Why Amazon Is Expanding Its Logistics Capabilities to the High Seas

Earlier this year, the news that Amazon China had registered to operate as an ocean freight forwarder in the U.S. surprised nearly everyone. The move means that Amazon will be able to organize the shipment of goods from a factory in China to a company or customer in the U.S.

The filing was first spotted by Flexport, a logistics startup, and though Amazon has yet to comment on the strategy behind the move, it seems entirely logical.

"It's a very smart move," said Jaime Jimenez, CEO of iContainers, a startup trying to digitize the ocean freight industry. "They're going to make it easier for Chinese suppliers to get stock to American customers."

As Jimenez explained, the $350 billion ocean freight industry is completely outdated and a nightmare to deal with. If a merchant wants to ship a container from China to the U.S., they could spend up to 40 days emailing with various providers and carriers trying to figure out how much it would cost and how long it would take.

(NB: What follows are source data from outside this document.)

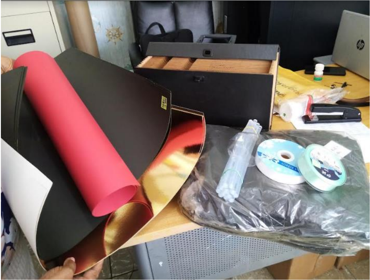
Compra de materiales gastables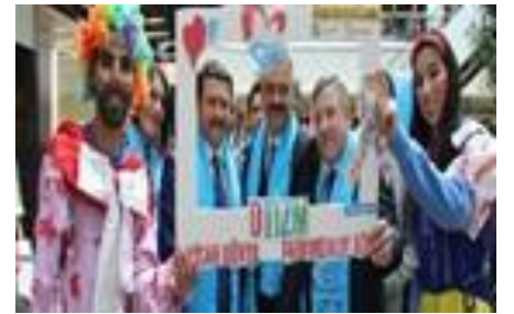
Otizm farkındalığı adına sergi ve etkinlikler tertip edildi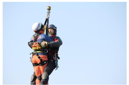
サバイバースリング

In the last year, Amazon has imported about 10,000 20-foot containers into the U.S., and received an additional 20,000 containers from merchants as part of the Fulfillment by Amazon program, according to Ocean Audit, a freight auditing consultancy. About 90 percent of the FBA shipments originated in China, according to Ocean Audit.

To get a better idea of how complicated the ocean freight industry is, iContainers asked 40 freight forwarders for a quote to ship a container, and only half of them answered within a week and 59% weren't even able to provide them with the door-to-door quote they were looking for.